Over the past two decades, the world's fishing fleets have come to employ increasingly sophisticated technology to locate and harvest seafood (finfish and shellfish), including sonar, GPS, satellite data, seafloor scouring devices, long-lines, and highly effective gill nets. Today, as a result, 80 percent of the world's commercially-fished species are being fished at or beyond the brink at which their populations can sustain themselves (i.e., beyond sustainable levels).
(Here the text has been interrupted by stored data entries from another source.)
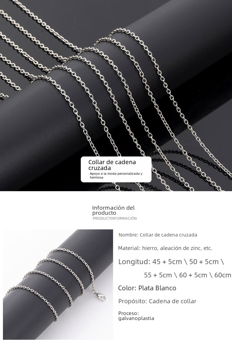 2,4mm cadena cruzada cadena de metal collar de hierro Cadena de clavícula joyería de moda simple todo-fósforo DIY accesorios hechos a mano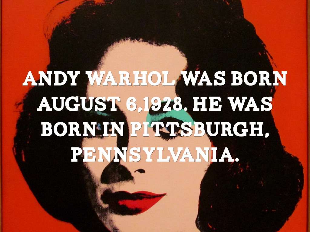 Andy Warhol was born August 6,1928. He was born in Pittsburgh, Pennsylvania.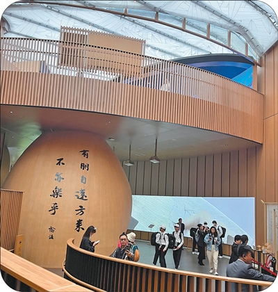 大阪世博会中国馆内,墙面上的巨型书法“有朋自远方来,不亦乐乎”,传达中国热情好客、文明交流的文化理念。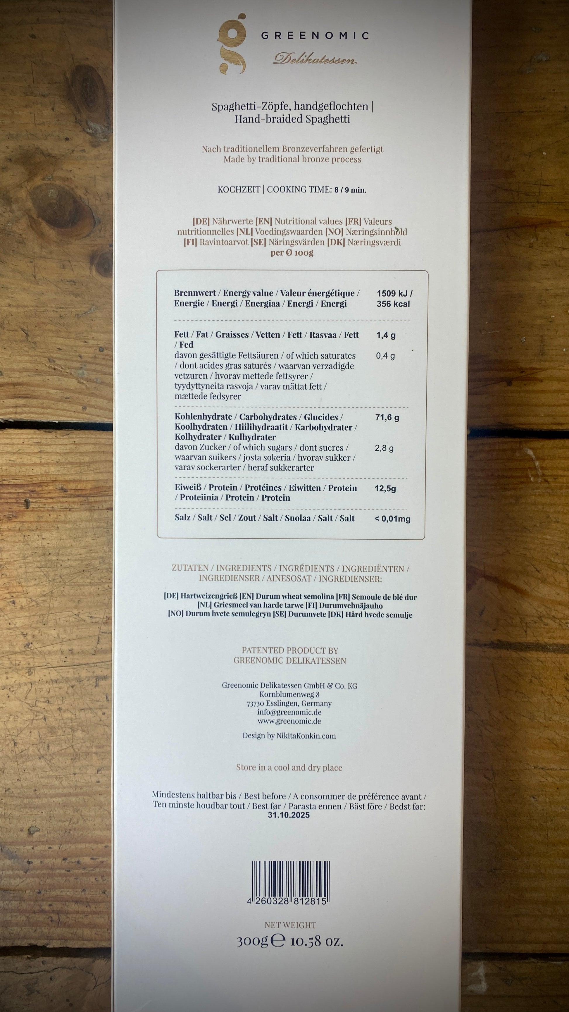 Discover a new way to enjoy pasta: Our original Italian spaghetti is artfully braided into two plaits. "Al bronzo" spaghetti is distinguished by its ability to absorb sauces and seasonings particularly well. The packaging design is by award-winning designer Nikita Konkin.

Annual seafood catches have now declined worldwide despite increased efforts by fishers. In addition, the sea's top predators have been reduced in numbers (by over-fishing) as much as 90 percent. Further, poorly designed coastal aquaculture farms are destroying the world's shores. Humans are now over-fishing nearly every commercial marine species, disrupting natural ocean ecosystems, altering oceanic food webs, and destroying coastlines around the world. And, a third of all the commercial seafood harvested in the world goes to fishmeal and fish oil, not to feed hungry humans.

For all these reasons, herbivorous fish (those species low in the food chain), such as catfish and tilapia, are the best options for harvesting and for consumers. If you must buy shrimp, buy U.S. wild-caught or farmed shrimp where strict guidelines are in place.

- Avoid purchasing all top carnivores ("apex predators"), such as grouper, sea bass, corvina, snapper, orange roughy, rockfish, and sharks. These fish are long-lived and commonly harvested before they have spawned.

- Avoid purchasing all seafood dredged from the sea floor, such as clams, oysters, scallops and shrimps (purchase hand or shovel-harvested shellfish). The dredging operations disrupt the seabed ecosystem and, in some cases, totally destroy it.

- Avoid fish taken by long-lines. This non-discriminating fishing method kills hundreds of thousands of non-target organisms, including sea turtles and porpoises, and have largely been responsible for the plummeting world bluefin tuna populations (bluefin tuna catch has fallen 90 percent since 1963).